Phoebe asked for this one, and indeed it just wouldn’t seem right to have Christmas without the Hallelujah Chorus from Handel’s Messiah. And let’s go first-class, with the Royal Choral Society at the Albert Hall.
And how they manage to put all these elements together into a flawless work of art… well, I can only stand in awe.
Requested by Tessa, O Come, All You Unfaithful, by Sovereign Grace Music. I had my doubts about that title until I heard the song. As Our Lord Jesus Christ once said, it’s the sick who need the physician, not the healthy (Matthew 9: 9-17).
Meanwhile, the Christmas Carol Contest is open all day!
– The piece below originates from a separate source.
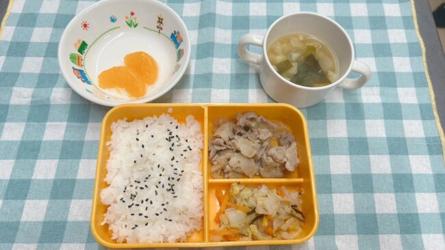 8月1日(金) 給食ブログBy ニコニコ保育2025年8月5日【お給食】 ・すき焼き煮 ・白菜と人参の塩昆布和え ・味噌汁(油揚げ、玉ねぎ、わかめ) ・ごはん ・みかん 【おやつ】 ・マカロニきなこ ・牛乳 今日のおやつはマカロニきなこでした! きなこも…

Let more entries follow this one.
“I was really stuck on this chapter,” Violet Crepuscular confesses to readers of her epic romance, Oy, Rodney. “Being the Queen of Suspense is hard! Why, just the other day I caught some wacko going fishing in my goldfish pond! I had to have Mr. Pitfall come over and do him an injury.”
In Chapter CDLIV the suspense builds to a crescendo. Lady Margo Cargo’s wig has caught fire. Lord Jeremy Coldsore has a quadruple fracture of the coccyx (“That’s what he gets for trying to turn this drama into a musical!” sniffs Ms. Crepuscular), the wandering cowboy, having swooned to the floor, is doing nothing, Crusty the Butler is trying to find a fire extinguisher (not aware that they haven’t been invented yet), the poor vicar’s conniptions are getting really unseemly, there is a hydra loose in town…
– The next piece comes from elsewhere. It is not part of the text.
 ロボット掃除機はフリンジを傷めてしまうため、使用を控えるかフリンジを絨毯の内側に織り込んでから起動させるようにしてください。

And the jackalope emerges from the vicar’s kitchen garden.
“I have added this TV news photo of a jackalope,” explains Ms. Crepuscular, “because it is suspenseful! I mean, the hydra might devastate the town, but at least no one will go crazy for the rest of his life just because he’s seen it–but you can’t say the same for the jackalope.”
As this fearsome bunny with antlers emerges from the garden with a mouthful of parsley, Lady Margo forgets that her wig’s on fire, although it’s still on her head, Lord Jeremy oscillates, and Crusty begins to act peculiar.
Here the chapter degenerates into a defense of alcoholic toothpaste.
Requested by Phoebe, today’s first entry in our Christmas Carol Contest–The Holly and the Ivy, by the Robert Shaw Chamber Singers. (I was sure she was going to ask for Joy to the World. My whole schedule is thrown off now.)